Tast-Sinn

Wie schwierig ist die Bedienung moderner Autos geworden? Wir haben den Test gemacht: fünf Personen, fünf Autos, sechs Aufgaben. 

Bis zu 70 Funktionen können – oder besser gesagt müssen – heute in ­einem modernen Auto bedient werden. Die Klimaanlage beispielsweise, das Audiosystem, die diversen Assistenzsysteme, das Navi usw.

Fast immer wird dabei ein Touchscreen eingesetzt. Menüstrukturen, Aufteilung und meist ein Rest von herkömmlichen Schaltern werden von den Herstellern sehr unterschiedlich konfiguriert.

Aber wie gut machen sie das? Das wollten wir abseits unserer eigenen Eindrücke von fünf weiteren Testpersonen wissen – und haben ihnen in fünf aktuellen Autos verschiedene Aufgaben gestellt.
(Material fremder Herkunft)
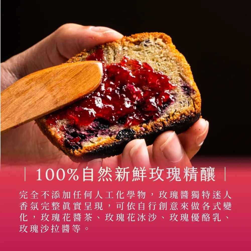 玫瑰花瓣醬用法多元,除了可做為土司、餅乾的沾醬外,也可加入紅茶,泡成香氣四溢的玫瑰花紅茶!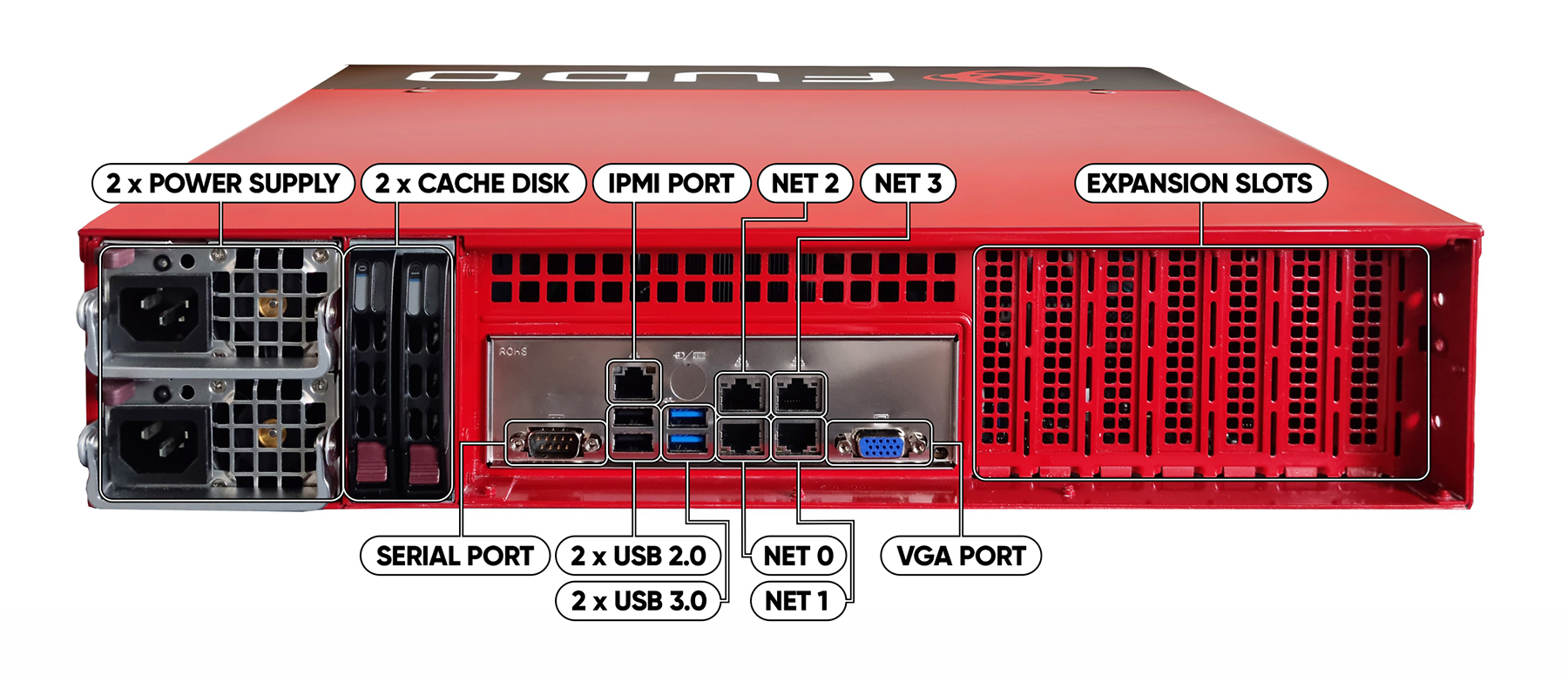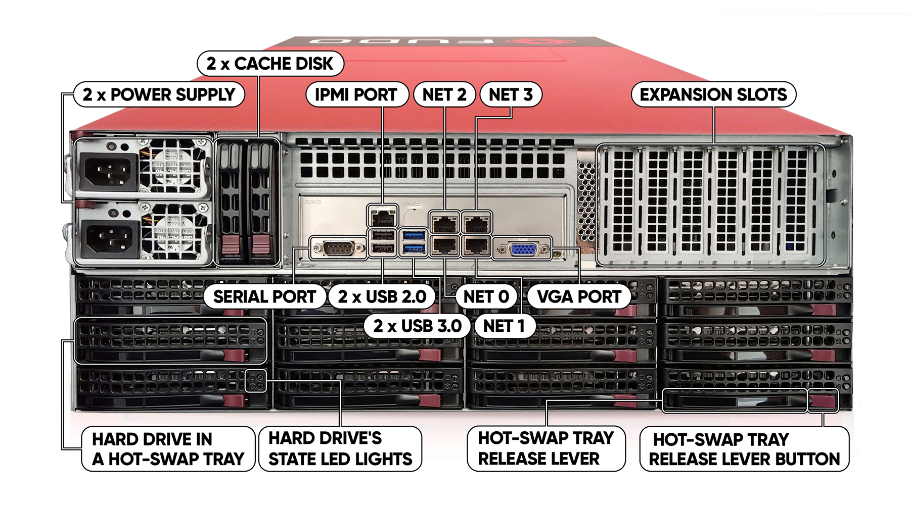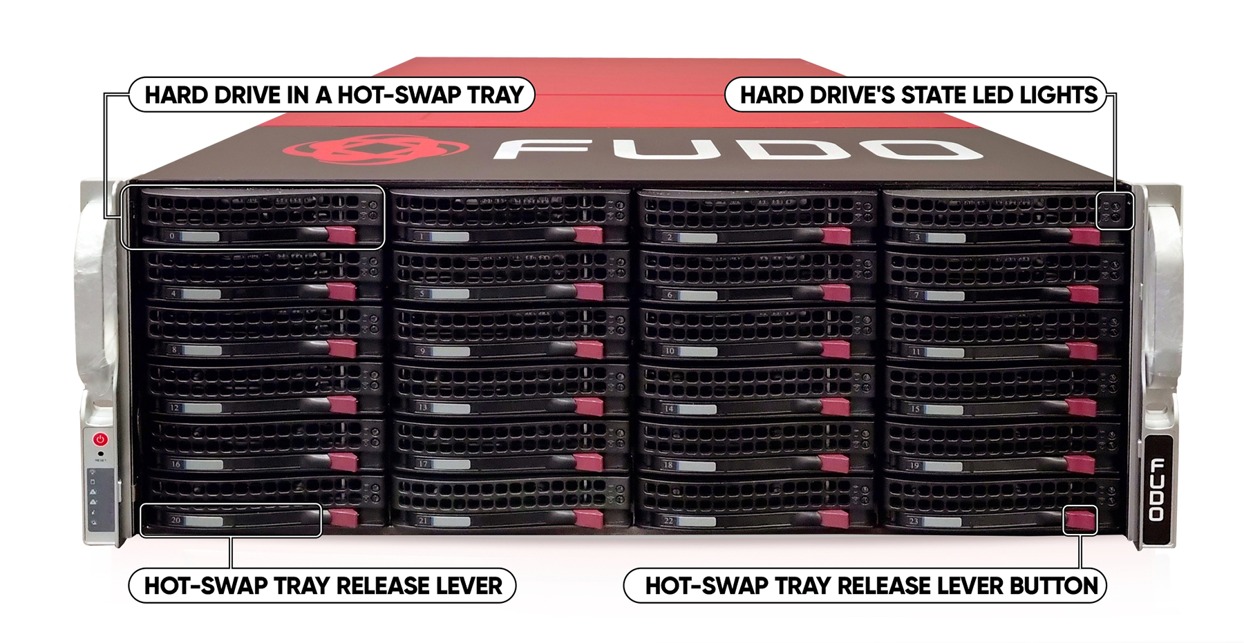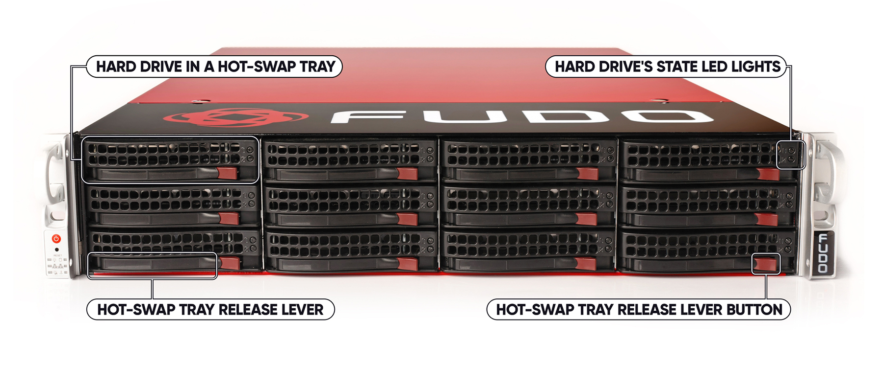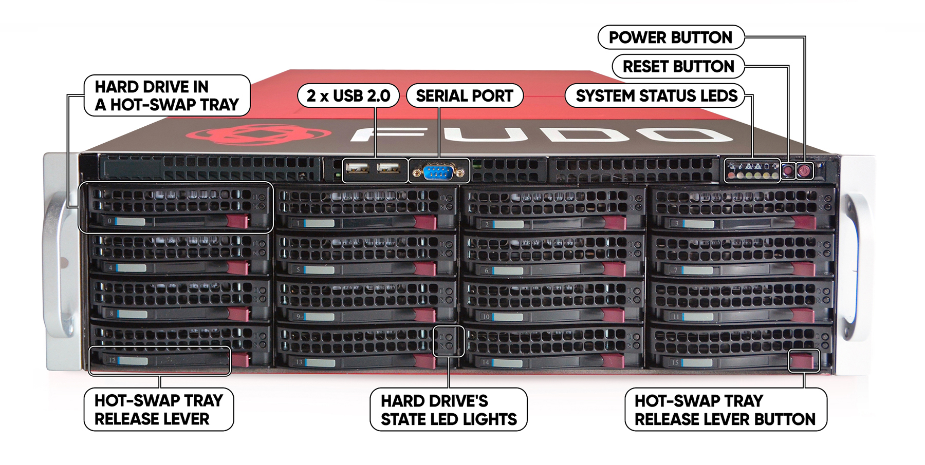 Fudo PAM is delivered in a 2U (F100x), 3U (F300x) or 4U (F500x) 19” rack server case.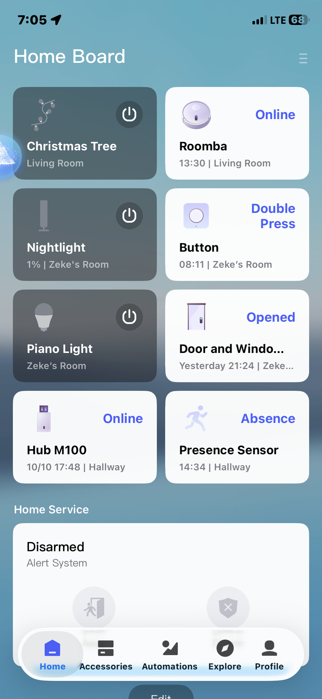 You can make the Nightlight turn on softly when the presence sensor detects movement after 10 PM, just enough light to check on the baby without waking them. When the door in Zeke’s Room closes and no presence is detected for a few minutes, the Piano Light can turn off and the Nightlight can dim for nap time. The button could be your quick bedtime shortcut, for example one tap turns off all lights and a double tap sets the Nightlight to a warm low level.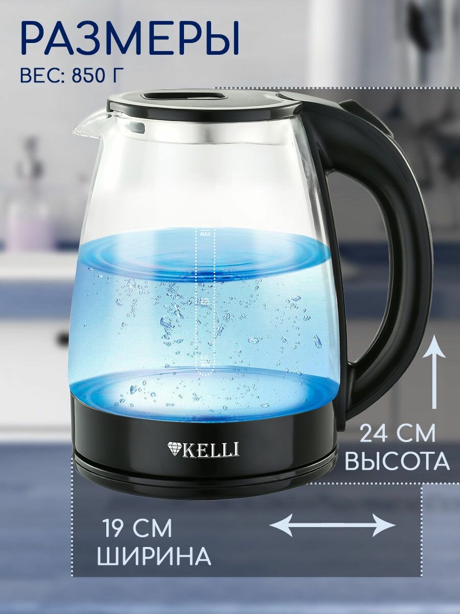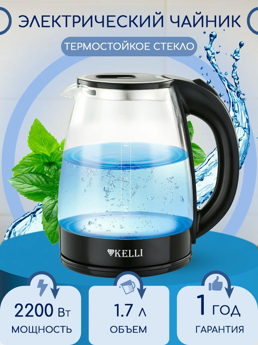 Чайник электрический KELLI KL-1368 1,8 л, 2200 Вт, стекло/черный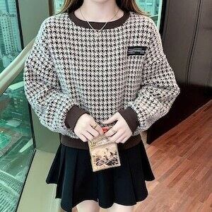 ✅千鳥格子柄ニット セーター ベーシックニット カジュアル E644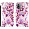 Xiaomi Redmi Note 10S puhelimen suojaksi soveltuvassa lompakkokotelossa on upeasti violetin eri sävyjä ja marmorikuvioita.
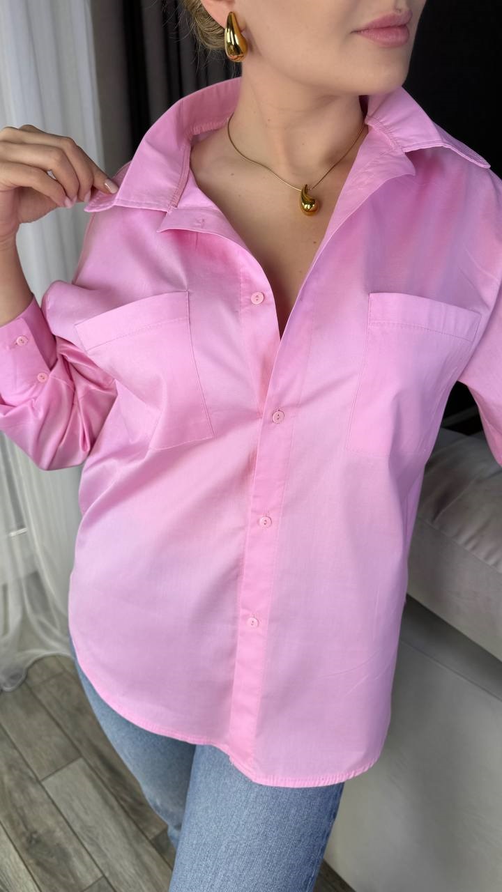 Рубашка прямого кроя, низ полукругом, планка закрытая, лен коттон розовый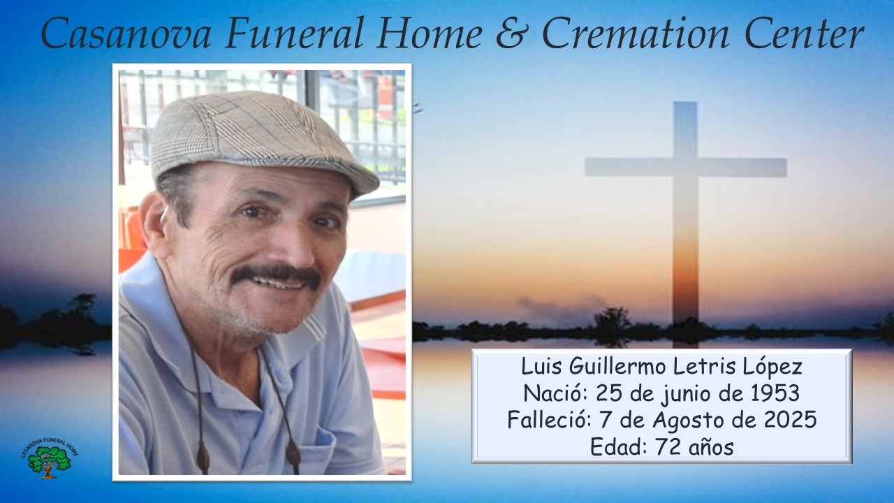 Luis Guillermo Letris López Nació: 25 de junio de 1953 Falleció: 7 de agosto de 2025 Edad: 72 años Sus restos serán cremados. No estará expuesto en la Funeraria. Compartir
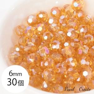 ガラスビーズ 6mm 30個 両穴 ABクリスタル カットビーズ スワロ ゴールド オレンジ シャンパンゴールド 32面カット 多面 アクセサリー ピアスパーツ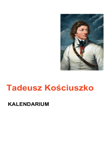 Tadeusz Kościuszko KALENDARIUM Spis treści Dzieciństwo, studia wojskowe, zawiedziona miłość _______________________________ 1 Udział w wojnie o niepodległość Stanów Zjednoczonych Ameryki ____________________ 3 Po powrocie do Polski ______________________________________________________ 6 Na czele pierwszego polskiego powstania narodowego ____________________________ 8 Niewola i emigracja________________________________________________________ 10 Źródła informacji użytych w projekcie __________________________________________ 13 Tadeusz Kościuszko Str. 01 Dzieciństwo, studia wojskowe, zawiedziona miłość 1746 4 lutego – Narodziny Tadeusza Kościuszki 12 lutego - Chrzest Tadeusza Kościuszki 1755 Początek nauki w kolegium pijarskim w Lubieszowie 1758 Śmierci ojca Tadeusza Kościuszki 1760 Kościuszko opuszcza kolegium pijarskie w Lubieszowie 1764 Powrót do Siechnowicz 1765 Przyjęcie Tadeusza Kościuszki do Szkoły Rycerskiej 1766 Kościuszko otrzymuje patent oficerski 1768 Zgon matki, Tekli z Ratomskich 1769 Podróż do Francji w celu kontynuowania studiów. Kościuszko podejmuje studia wojskowe i cywilne w Paryżu Tadeusz Kościuszko Str. 02 1774 Powrót Kościuszki z Francji do Polski po przerwaniu dalszych studiów z powodu braku pieniędzy. Kościuszko odwiedza Szkołę Rycerską w Warszawie. Na skutek zrujnowania Siechnowicz, Tadeusz zamieszkuje u swego opiekuna, stryja Jana Nepomucena Kościuszki, w Sławinku pod Lublinem. 1775 Podczas odwiedzin w zaprzyjaźnionym dworku w Sosnowicy, nawiązuje się wzajemna miłość między Tadeuszem Kościuszką a Ludwiką, córką wojewody Józefa Sosnowskiego. Józef Sosnowski postanawia córkę Ludwikę wydać za mąż za księcia Lubomirskiego, a Tadeusza Kościuszkę odprawić, jako niepożądanego konkurenta do jej ręki. Po upokarzającej odprawie w Sosnowicy Kościuszko sporządza pełnomocnictwa majątkowe, zaciąga pożyczkę i postanawia wyjechać z kraju. Tadeusz Kościuszko Str. 03 Udział w wojnie o niepodległość Stanów Zjednoczonych Ameryki 1776 Kościuszko wyjeżdża z Francji do Ameryki, by wziąć udział w rozpoczętej 19 kwietnia 1775 r. wojnie o niepodległość Stanów Zjednoczonych. W Filadelfii została ogłoszona pierwsza w świecie Deklaracja Niepodległości i Wolności, uchwalona przez Kongres Delegatów 13 Stanów Zjednoczonych Ameryki. W Filadelfii Kościuszko najprawdopodobniej udaje się do znającego język francuski uczonego i wynalazcy oraz współtwórcy Deklaracji Niepodległości, Beniamina Franklina, by oświadczyć mu, że przybywa z ujarzmionej Polski, aby walczącej o wolność Ameryce ofiarować swoją pomoc. Kościuszko wykonuje pierwsze zlecenie dotyczące planu ufortyfikowania ujścia rzeki Delaware w Filadelfii. Kościuszko otrzymuje nominację na inżyniera wojskowego z rangą pułkownika armii amerykańskiej. 1777 Początek ofensywy brytyjskiej armii generała J. Burgoyne’a z Kanady na Ticonderogę Brytyjczycy zdobywają Ticonderogę zgodnie z przewidywaniami Kościuszki. Kościuszko, jako inżynier opóźnia pościg Brytyjczyków na linii odwrotu wojsk własnych, stawiając zasieki z drzewa na drodze i zapory na rzece Wood Creek, niszcząc wszystkie mosty, paląc pozostawione zboże i żywność. Ponadto zajmuje się umocnieniem kolejnych pozycji obronnych cofającej się armii amerykańskiej. Kościuszko zgodnie z rozkazem generała Gatesa wybiera i umacnia Wzgórze Bemisa pod Saratogą w celu zatrzymania armii generała Burgoyne’a. Odparcie ataków brytyjskich na Wzgórze Bemisa. Armia Burgoyne’a nie uzyskawszy powodzenia, wycofuje się nocą pod Saratogę, lecz tam zostaje osaczona. Zwycięstwo Amerykanów pod Saratogą Kościuszko stacjonuje w Albany, sprawując nadzór nad odlewnią dział i fabryką broni. Tadeusz Kościuszko Str. 04 1778 Wydział Wojny kieruje Kościuszkę do ufortyfikowania rzeki Hudson w rejonie West Point. Kościuszko melduje się w West Point, gdzie otrzymuje stanowisko inżyniera – budowniczego twierdzy. Kościuszko w liście do generała Gatesa wyraża żal, że nie może służyć pod jego dowództwem, lecz jednocześnie nie zaniedbuje rozbudowy West Point. 1779 Generał Waszyngton w obecności Kościuszki dokonuje szczegółowej inspekcji umocnień West Point i postanawia zintensyfikować prace w związku z zagrożeniem tego kierunku działań, co wzmacnia pozycję Kościuszki, jako inżyniera. Generał Waszyngton wybiera West Point na swą kwaterę, co powoduje zbliżenie Kościuszki do naczelnego wodza wojsk amerykańskich. 1780 Kościuszce dodatkowo powierzono funkcję naczelnika korpusu inżynierów amerykańskich. Kościuszko wysyła do Waszyngtona prośbę o przeniesienie go do armii południowej generała Gatesa, gdyż umocnienia West Point zostały wybudowane. Po uzyskaniu zgody Waszyngtona Kościuszko opuszcza West Point i udaje się do armii południowej. W Richmond, stolicy stanu Wirginia, Kościuszko odwiedził gubernatora Thomasa Jeffersona i zaprzyjaźnił się z nim. 1781 Zgodnie z rozkazem generała Greena Kościuszko udaje się do miasta Halifax w Północnej Karolinie nad rzeką Roanoke, by je ufortyfikować i przygotować do obrony. Kościuszko wraz z armią południową uczestniczy w działaniach odwrotowych, zabezpieczając jej biwaki i przemarsze. Udział Kościuszki w oblężeniu fortu Ninety Six w Południowej Karolinie, gdzie nadzoruje budowę pozycji oblężniczych fortu. Kościuszko wysłany zostaje do Północnej Karoliny z zadaniem zabezpieczenia umocnieniami magazynów wojskowych. Tadeusz Kościuszko Str. 05 1782 Kościuszko obejmuje dowództwo nad stacjonującym w Ashley Ferry Charlestonu oddziałem, po poległym pułkowniku J. Laurensie. Kościuszko organizuje zasadzkę na wojska brytyjskie, na James Island pod Charlestonem, gdzie zostaje ranny. Była to ostatnia potyczka w tej wojnie. Do opuszczonego przez Brytyjczyków Charlestonu, oddział Kościuszki wkracza wraz z przednią strażą, jako awang

Die Tester (von links): Florian (37), Viktoria (29), Sophie (18), Doris (52) und Robert (62).
Die Fahrzeuge (von links): Tesla Model Y, Peugeot 3008, Kia Sportage, BMW X1 und VW Golf.

Überall spielt ein Touchscreen mehr oder weniger die zentrale Rolle bei der Bedienung. Aber ist er die eierlegende Wollmilchsau, die alles kann?

Prof. Manfred Tscheligi ist nicht dieser Meinung. Er leitet den Fachbereich Artificial Intelligence and Human Interfaces an der Universität Salzburg und das Center for Technology Experience am Austrian Institute of Technology.

"Touchscreen-Steuerung eignet sich bestens für Infotainment sowie nicht-zeitkritische Diagnostik und verringert auch den Platzbedarf. Aber klassische Regler bieten ein unmittelbares Feedback und sind durch ihre fixe Positionierung im Bedarfsfall eindeutig und nicht verwechselbar. Also: je zeit- und sicherheitskritischer, desto weniger Touch und desto eher klassisch."

Weniger ist oft mehr: Ein Zuviel an Bedienungsschritten führt schnell zur Ablenkung.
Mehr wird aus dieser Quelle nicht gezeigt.